- Required work: Only the lines from the one bearing "The home is" through the end of the listing belong in your response, restated word for word and without pictures.

- Data below:
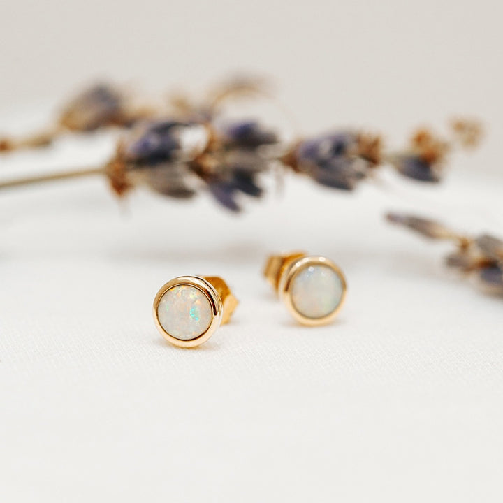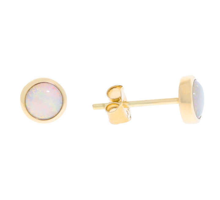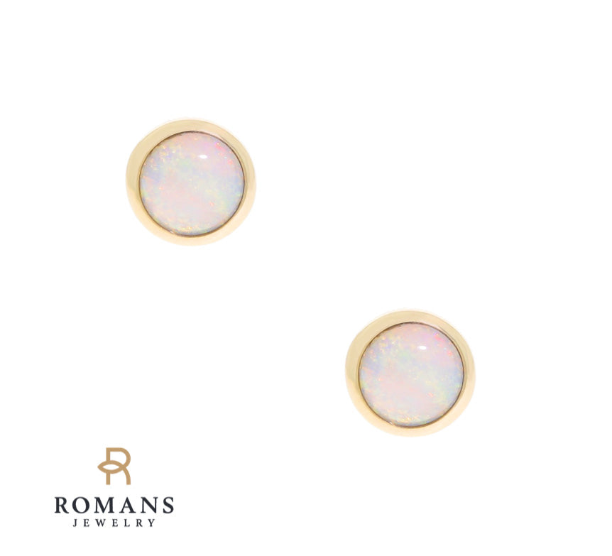 Color outside the lines with these opal stud earrings. A pair of perfectly matched round opals with a rainbow of sparkle are set in classic 14k yellow gold bezel settings perfect for adding personality to your everyday attire.
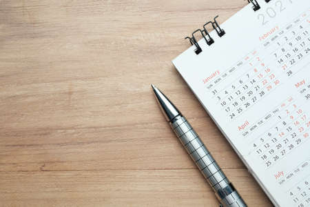 Desktop Calendar 2021 place on wooden office desk, for Planner to plan appointment each date, month and year on table. Calendar Background Concept.
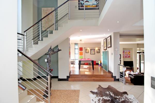 The home is built on a floating foundation, ensuring stability and modernity. Two geysers, one of which is solar-powered, provide energy-efficient living. For added convenience, there is a games room, office space with its own entrance, and servants'' quarters, ensuring privacy and versatility. The property is designed with double-volume ceilings, extra-high windows, and an abundance of natural light throughout.
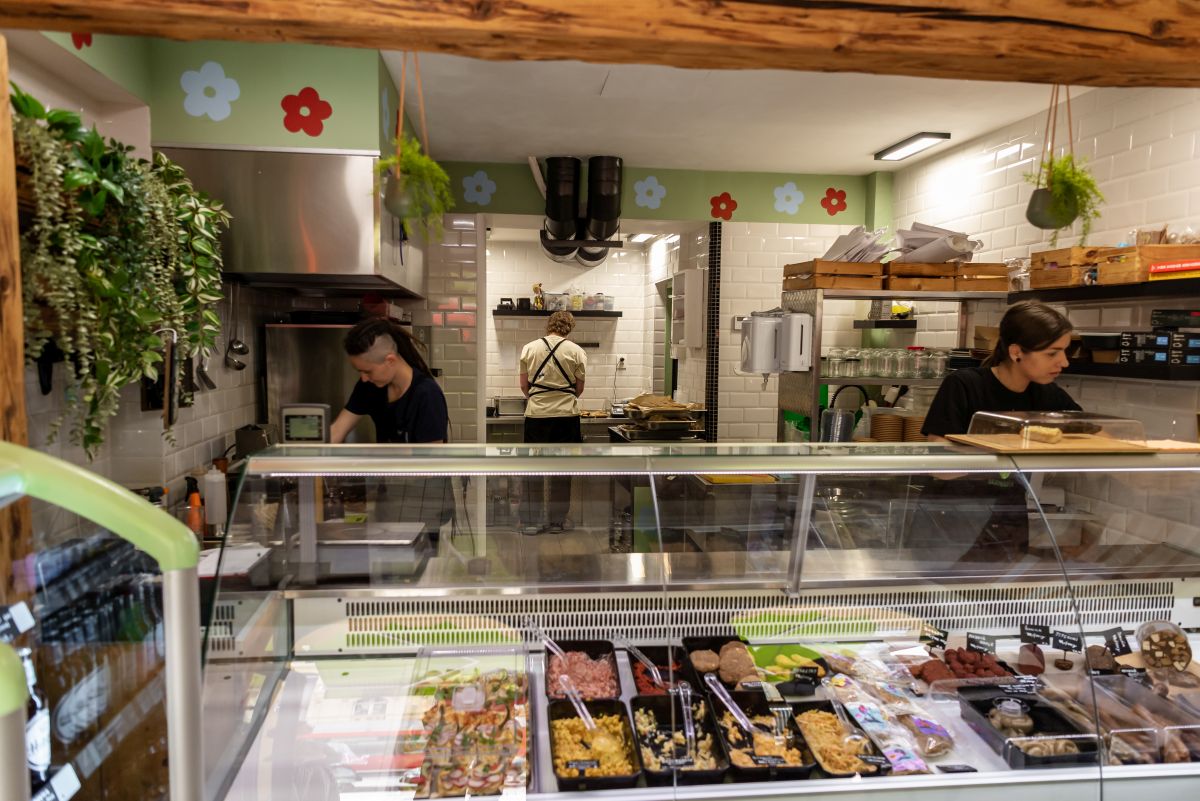 Nabídka teplých jídel v kamenné prodejně se pravidelně obměňuje. V listopadu kolem svátku svatého Martina byla na menu třeba veganská husa, jindy si zákazníci mohou dát langoš s trhanou rostlinnou kachnou. Mezi stálice patří veganský holandský řízek v housce nebo sekaná.

- The answer:
 The home is built on a floating foundation, ensuring stability and modernity. Two geysers, one of which is solar-powered, provide energy-efficient living. For added convenience, there is a games room, office space with its own entrance, and servants'' quarters, ensuring privacy and versatility. The property is designed with double-volume ceilings, extra-high windows, and an abundance of natural light throughout.
 Nabídka teplých jídel v kamenné prodejně se pravidelně obměňuje. V listopadu kolem svátku svatého Martina byla na menu třeba veganská husa, jindy si zákazníci mohou dát langoš s trhanou rostlinnou kachnou. Mezi stálice patří veganský holandský řízek v housce nebo sekaná.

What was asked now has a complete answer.